Watts said while the short-term outlook for LNG was “subject to change” as a result of the conflict, production in the medium to long term was still expected to increase as a result of new production coming online.
Forecasts produced by the International Energy Agency late last year suggested global LNG production would increase by about 50% by 2030, he noted.
The IEA predicted about half of that extra production would come from the United States and about 20% from Qatar, with the biggest slice of the remainder coming from Canada.
“There are a wide range of non-Middle East sources for New Zealand to import LNG,” Watts said. Options included the US, Australia, Canada, Malaysia and Indonesia, he said.
New Zealand’s ‘dry year’ problem when hydro inflows were low, along with the domestic gas situation, were “significant issues that require action”, Watts said.
A report released earlier this month by the country’s quasi-regulator, the Gas Industry Company, forecast domestic gas production would drop from 112 petajoules last year to 71 PJ in 2028.
That would leave New Zealand in shorter supply even if its largest gas user, Methanex, dropped out of the market next year, it forecast.
The import facility the Government intends to underwrite would allow up to 12 PJ of LNG to be imported in years when it was needed to balance the gas market.
LNG importation remained “the best solution available” to mitigate the country’s dry year problem, when it didn’t have sufficient domestic gas to make electricity, Watts said.
Without imported LNG the price of domestic gas could cause “significant economic destruction”, he said.

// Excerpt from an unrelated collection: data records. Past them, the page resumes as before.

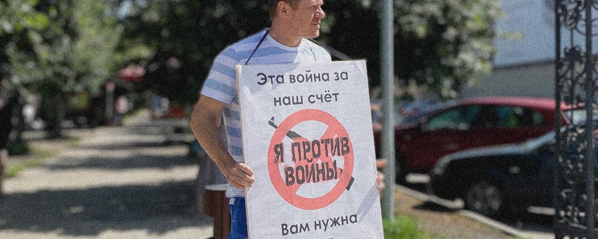 Title Image: Nikolai Borisov holding a «This war is at our expense. I am against war. Do you need this war?» sign at a solitary protest in Voronezh, 7 July 2023 / Photo courtesy of Nikolai’s acquaintances.
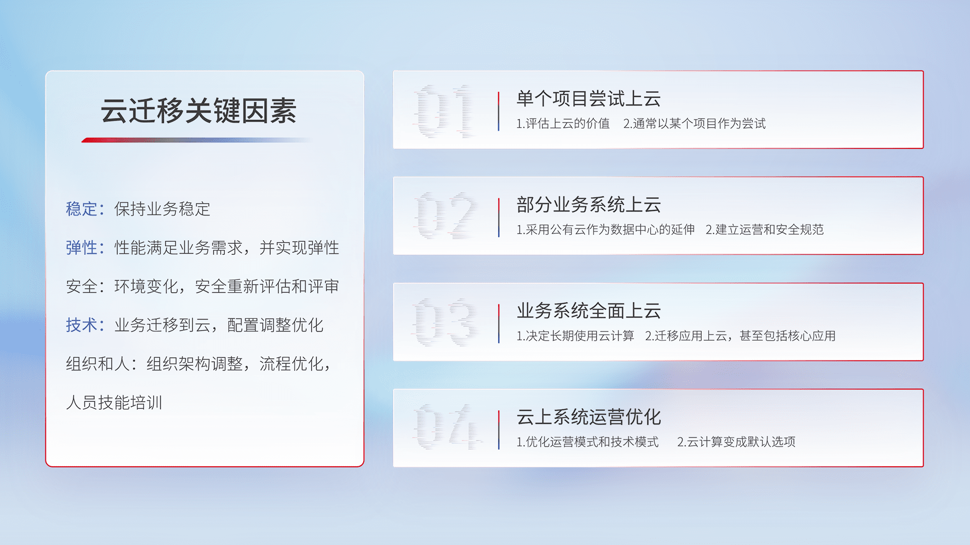 结合实际业务,,从规划设计、、云平台选型、、、、云原生改造、、数据迁移、、、集成交付,,,迁移全过程为客户识别最佳上云路径,,做好风险识别管理,,,设计网络架构、、身份权限、、、、安全审计合规、、操作审计、、日志审计、、、、监控告警策略、、、多站点容灾设计等,,,对云上基础设施进行整体规划,,提升IT治理水平,,,,以满足弹性、、、高可用、、、、高性能的需求。。。。
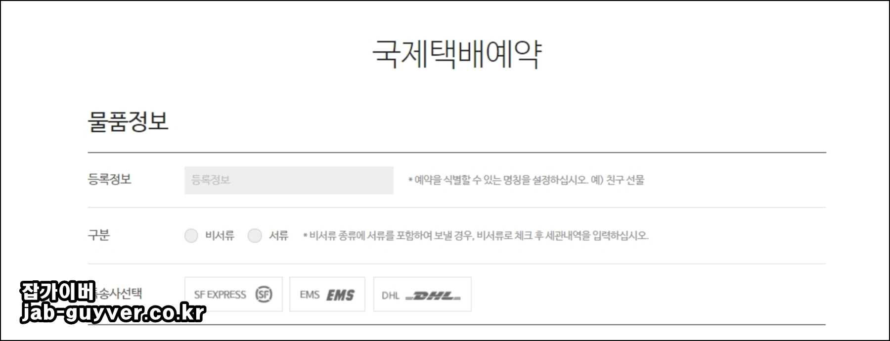 국제택배예약을 통해 현재 배송하고자 하는 물품의 정보와 서류가 있다면 함게 체크합니다.
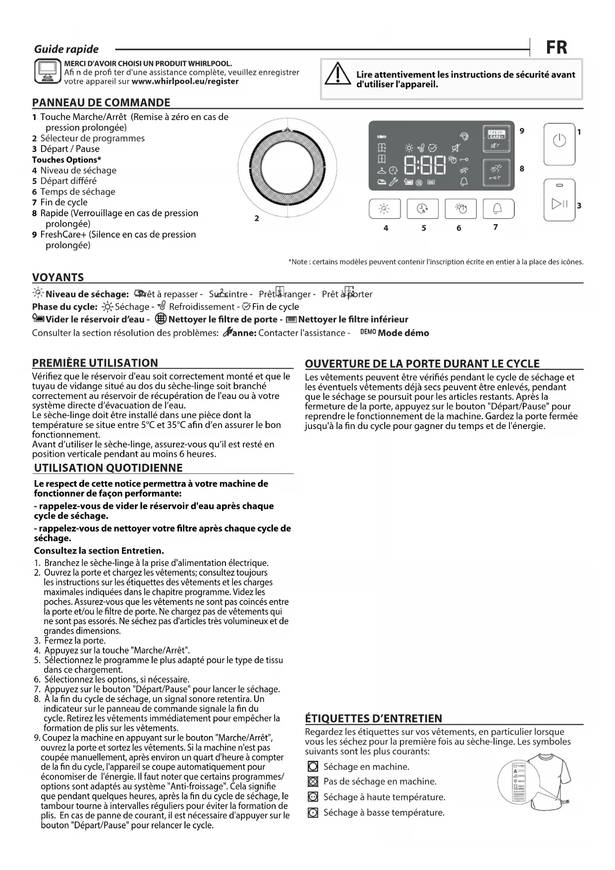 1 Touche Marche/Arrêt (Remise à zéro en cas de pression prolongée) 2 Sélecteur de programmes 3 Départ / Pause Touches Options* 4 Niveau de séchage 5 Départ diéré 6 Temps de séchage 7 Fin de cycle 8 Rapide (Verrouillage en cas de pression prolongée) 9 FreshCare+ (Silence en cas de pression prolongée) *Note : certains modèles peuvent contenir l’inscription écrite en entier à la place des icônes. VOYANTS Niveau de séchage: Prêt à repasser - Sur cintre - Prêt à ranger - Prêt à porter Phase du cycle: Séchage - Refroidissement - Fin de cycle Vider le réservoir d’eau - Nettoyer le ltre de porte - Nettoyer le ltre inférieur Consulter la section résolution des problèmes: Panne: Contacter l'assistance - DEMO Mode démo
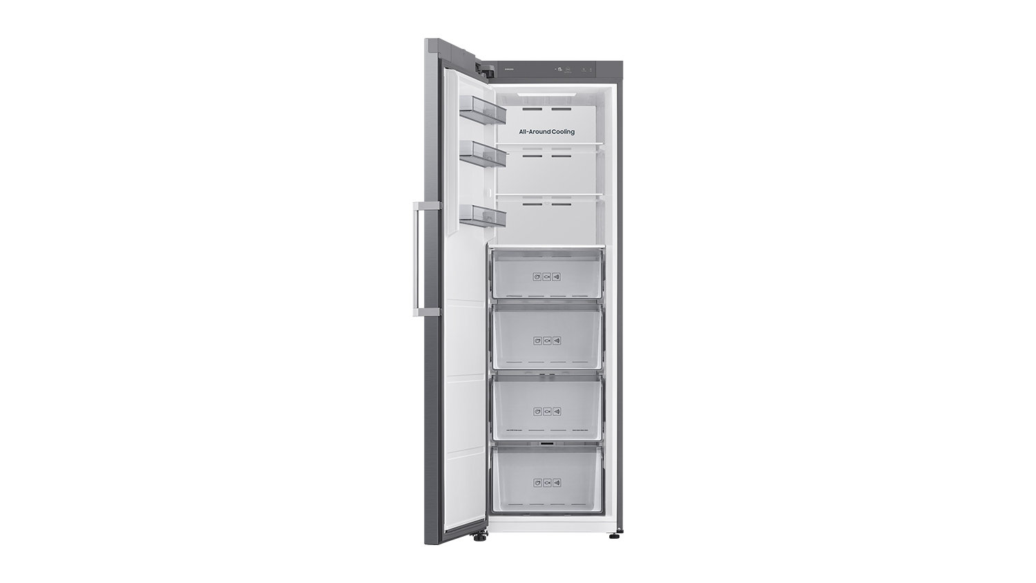 Effortlessly manage, preserve, and access your various frozen goods using the Samsung 323L Single Door Vertical Freezer. Perfect for your food storage needs, this unit employs an All Around Cooling System that delivers even temperatures across the unit. It also integrates a Digital Inverter Compressor Motor for efficient performance. Plus, it offers ample shelving options, so you can easily organise your items.

“The counterfactual to LNG is not ‘continuing as we are’.”
Labour energy spokesperson Megan Woods said LNG was “always incredibly risky for New Zealand”.
“It has huge potential to actually drive up our energy costs and that’s only been brought into sharper relief by the last three weeks,” she said.
“We can see that LNG isn’t any security panacea, it has huge risks around it, and one of the things that the Government has to come clean on is their plan is not just to use it as an ‘insurance’ product,” she said.